I hear a cry of outrage and look over to see Xander scrunching her lips together in the way she does when she’s furious. “No! No way!”
“What? Is Mom making you do something too?”
“She can’t make me do anything.” She smashes up her letter and throws it on the ground, but the breeze pushes at it until it starts to roll, so she runs after it.
“I’ll tell you mine if you tell me yours,” I say to her when she sits back down, leaning against Mom’s headstone.
“She told Grandma I was coming over to spend the evening with her for Mother’s Day. But I won’t! I won’t do it!”
“Lucky,” I say. “She’s making me go to the prom.”
Her jaw drops and she stares at me, her dark eyes brimming with glee. “Oh, that’s a good one!”
“It’s not funny!”
“Are you kidding? It’s hysterical!” She holds her belly and rolls on the grass. She laughs so hard, she almost makes me see the humor. Almost. “Who are you supposed to go with? All the decent guys are taken already!”
I drop my head. There’s no avoiding it. She’s going to find out sooner or later. “Adam.”
Complete silence. “Oh. My. God.”
“Yep.”
“How the hell did she rope him into that, do you think?”

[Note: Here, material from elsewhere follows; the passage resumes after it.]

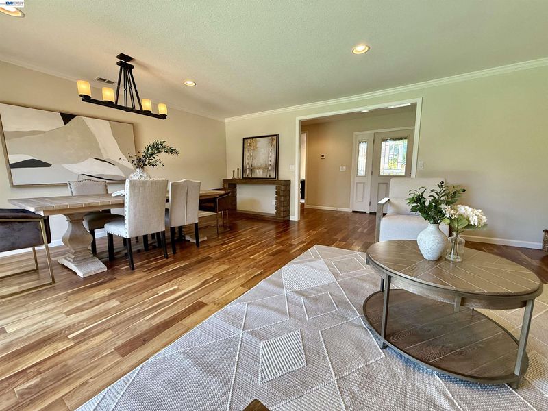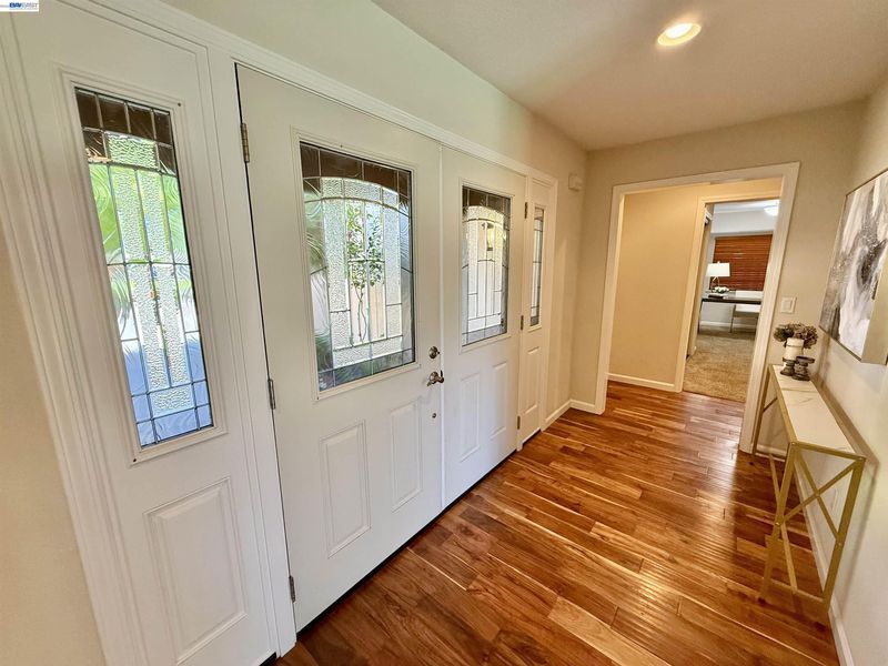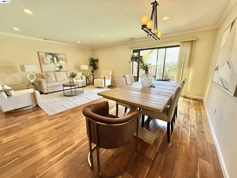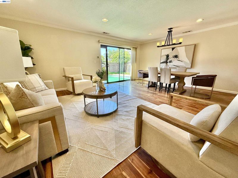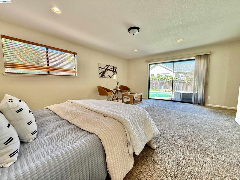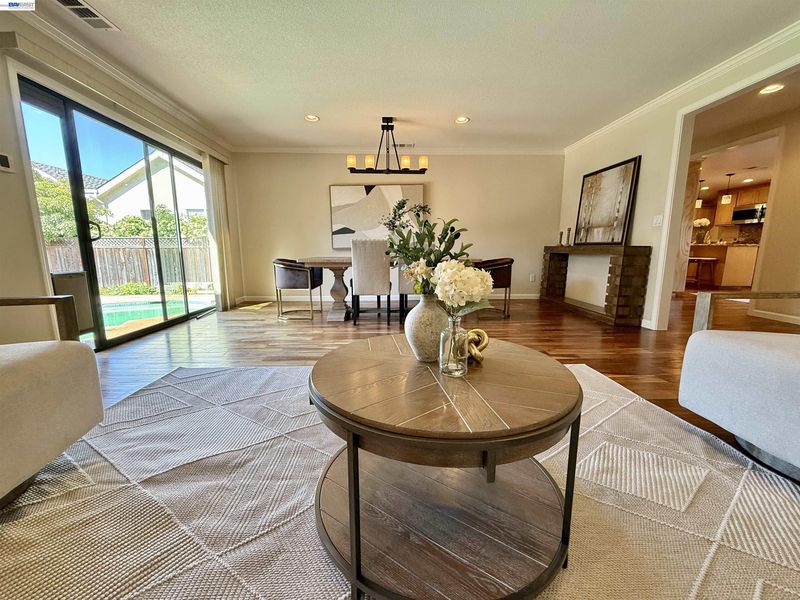 Incredible custom home set on a huge lot, offering exceptional space, versatility, and endless possibilities, including potential for an ADU. The expansive front yard is a true park-like setting, featuring beautiful mature trees, lush landscaping, and a welcoming front deck. Step inside to find stunning acacia wood floors that flow throughout the home, creating warmth and elegance. The formal living and dining room overlook the backyard, providing a picturesque setting for gatherings and everyday living. The updated kitchen features beautiful countertops, stainless steel appliances, and a cozy eat-in area, perfect for entertaining and daily enjoyment. The spacious family room offers plenty of room to relax and spend time with family and friends. Designed with flexibility in mind, this ideal floor plan is perfect for multigenerational living, featuring two primary suites: one on the first floor and another on the second floor. The first floor includes three bedrooms and two and a half bathrooms. The second level offers a primary suite with balcony, large walk-in closet and gorgeous bathroom. Additional upstairs bedroom has its own private bathroom. Step outside to enjoy the expansive grounds that truly set this property apart. The backyard is a tropical oasis, complete with a sparkling saltwater swimming pool with solar, perfect for relaxing or hosting gatherings. The large lot provides incredible potential, including space for a possible ADU, gardens, or additional outdoor living areas. Extensively remodeled in 2014, this home features updated plumbing, electrical, and modern finishes throughout. Additional upgrades include a dual HVAC system, two tankless water heaters, and an insulated/sheetrock-finished garage. This is the perfect property for entertaining and enjoying quality time with family and friends while offering comfort, flexibility, and future potential.
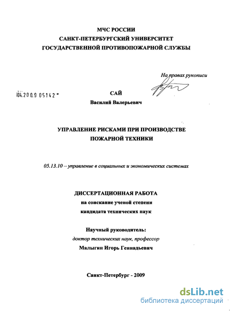Актуальность темы. Необходимость перемен в области оценки рисков при производстве пожарной техники в современных экономических условиях объясняется и новыми задачами, стоящими перед Министерством Российской Федерации по делам гражданской обороны, чрезвычайным ситуациям и ликвидации последствий стихийных бедствий (МЧС России), и изменяющимся характером производственной деятельности, и рыночными методами закупок изделий пожарной техники.

“He didn’t have to be roped!”
“Oh, trust me. He was roped.”
“What’s so awful about going to the prom with me?”
“Well, for one thing, he has no chance of scoring with you. Whatsoever.”
“Just because I’m not a slut like you doesn’t make me totally closed off.”
“Then why don’t you ever go out on dates?”
“Because no one asks me.”
“Because you give out ice queen signals.”
“I can’t help it if I’m naturally reserved.”
“You’re naturally frigid.”
“Let’s just pay our respects and get out of here.” I pick at the weeds growing around the ivory-colored stone and brush away the dirt collecting in the carved letters.
Marie Lillian Vogel
1965–2007
Beloved Wife and Mother
Higher still and higher
From the earth thou springest,
Like a cloud of fire
The blue deep thou wingest,
And singing still dost soar, and soaring ever singest.
The poem is by Percy Shelley. My dad chose it for her because they met in graduate school in a class on English Romantic poetry, and because Mom loved birds so much. The poem is sort of about a bird, but it could also be about a woman. I guess it’s a good choice for her tombstone, though Xander doesn’t think so. She wanted to have them engrave lyrics from Mom’s favorite Rolling Stones song. When Xander suggested it, Dad said, “Nothing Mick Jagger says is going on your mother’s tombstone!”
“‘Ruby Tuesday’ was Mom’s favorite song!”
“The lyrics don’t even make sense!”
“The Stones never make sense! That’s not the point!”
I didn’t want to fight about it, but the epitaph I wanted wasn’t by a poet or a rock band. It was something Mom whispered to us herself on her last day alive: “Every moment with you has been wonderful.”
That’s the kind of thing that should be carved in stone.